Jim KingJim King


I was born in Portland, Maine and came to Alaska in 1949 where I have been a registered voter for some 65 years now.

I went to work as an Enforcement Agent under the Alaska Game Commission, in 1951. This was a system that gave some local identity to a FWS Regional Office that served as the game department for the Territory of Alaska. I learned to fly single engine airplanes on wheels, skis and floats in the Fairbanks area. I functioned as a game warden during hunting and trapping seasons and spent most of my summers assisting Alaska’s only full time waterfowl biologist with surveys and banding.

After Alaska became a State in 1959 and developed its own game department, FWS was much reduced with responsibility for federal laws and treaties such as the Migratory Bird Treaty Act, Federal Refuge Management and a few other laws. Because of my waterfowl experience I was appointed the first Refuge Manager for the 2.8 million acre National Wildlife refuge on the Yukon Delta recently designated by President Lyndon Johnson’s Interior Secretary, Stewart Udall. I my wife Mary Lou and two baby girls, moved to a new house at the Yupik village of Bethel. I had no secretary and no assistant so Mary Lou filled those roles and earned a salary which was never paid. While at Bethel I was able to explore the coastal habitat from Nome south to the Aleutian Islands during migration to try and understand the birds that nested on my refuge.

After two years at Bethel, the job of Supervisor of Waterfowl Investigations in Alaska which included the job of Flyway Biologist for Alaskan and Canada’s Yukon Territory, came open and I was offered the job with headquarters in Juneau. Big title but I had no authority over anybody but myself. I remained in that job for 20 years until retirement in 1983.
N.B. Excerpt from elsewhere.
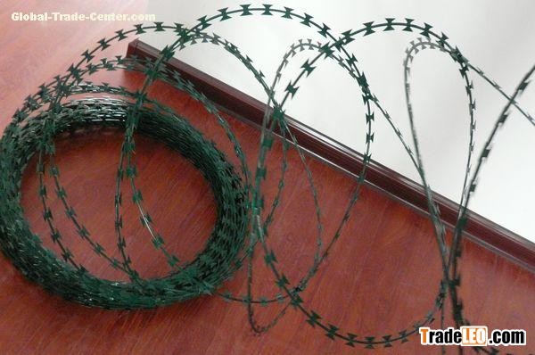 Detailed Product Description 1.razor barbed wire 2.wire dia:BWG12-BWG20 3.barbed distance:26-100mm 4.barbed length:10-65mm 5.BTO-10,12,22,CBT-65

My biggest responsibility as “Waterfowl Supervisor” was the annual Breeding Pair Duck Survey which required about 100 hours of flying in May/June over the big river flood plains and coastal marsh lands all over temperate Alaska and a little bit of the Yukon. By recording duck numbers on 214 transect segments each 16 miles long, I could report changes from the preceding year and from the ten year averages, data useful in developing hunting regulations for US and Canada to the south.

Other efforts as Waterfowl Supervisor included: Developing population numbers for the abundant Bald Eagles in south coastal Alaska at a time when they were endangered in all other States; developing population numbers for Trumpeter Swans nesting in Alaska; experimenting with aerial observations of cliff nesting seabirds; leading banding crews for ducks and geese that nest in Alaska and disperse from eastern Siberia to the Caribbean Islands. What an exciting place to be doing bird work.
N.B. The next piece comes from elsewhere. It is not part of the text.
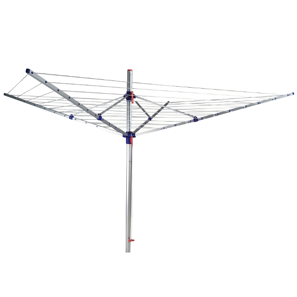 A Vileda Viva Air Ultralight a kertbe leszúrható (lebetonozható) szárító tavasztól őszig remekül használható. A könnyen kinyitható 4 ágú szárító 51 méter szárítókötelével egyszerre több adag mosást is stabilan elbír. A szárító könnyen állítható, körbeforgatható, valamint teregetés után feljebb emelhető, hogy játék közben ne zavarják a gyerekeket. Alumínium anyag, max. 115 kg ruha szárítására alkalmas.

I flew 30 years for FWS logging 6555 hours as pilot in command and after retirement another 3000 some hours as co-pilot/observer with FWS and private companies doing bird work, all in Alaska. I didn’t have any life threatening accidents to report.

As well as my own book, Attending Alaska’s Birds, I had about 50 published papers and chapters in four books.
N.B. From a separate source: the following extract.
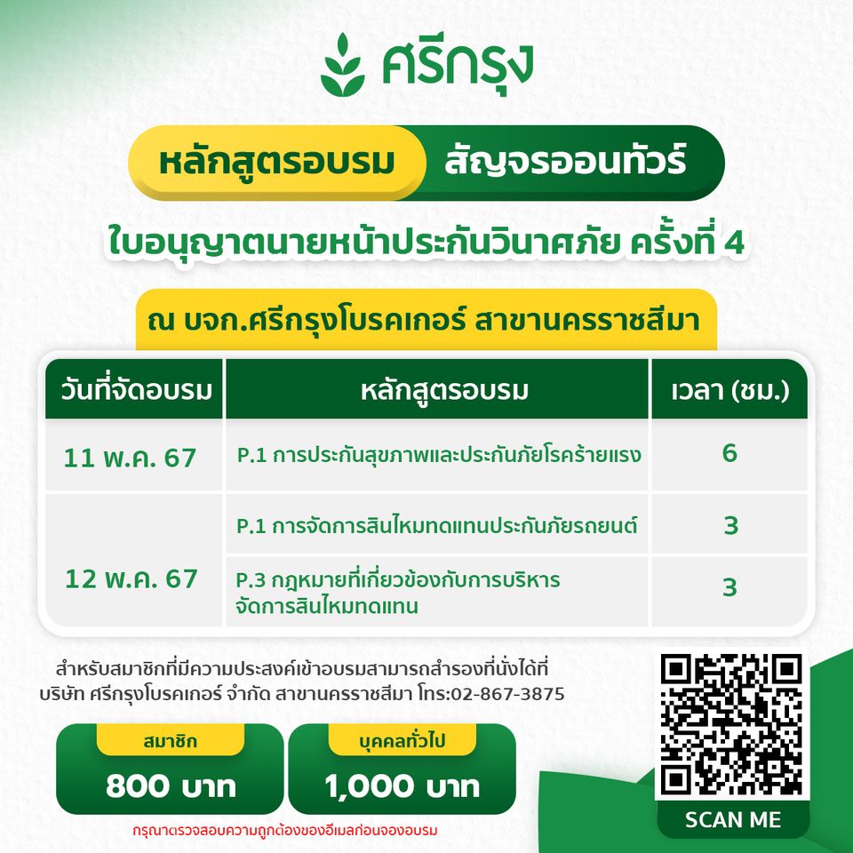 โคราช เปิดรับจองอบรม ต่ออายุบัตรนายหน้าประกันวินาศภัย/นายหน้าประกันชีวิต ครั้งที่4 สามารถเลือกลงอบรม 1วัน หรือเลือกลงอบรม ทั้ง2วัน ได้ครับ รีบจองด่วน ก่อนเต็มนะครับ !!

I received various recognitions and awards most significant being Honorary Doctor of Science from the University of Alaska 1989 and Award for Distinguished Service, US Department of Interior, 2002.

In retrospect I had a very rewarding career with FWS. I wear my National Wildlife Refuge System, 1903-2003, belt buckle every day with pride. I can’t think of anything I regret or opportunities I missed. I haven’t mentioned the dozens of people who were part of my work but I virtually never worked alone. Lots of them are mentioned in my book.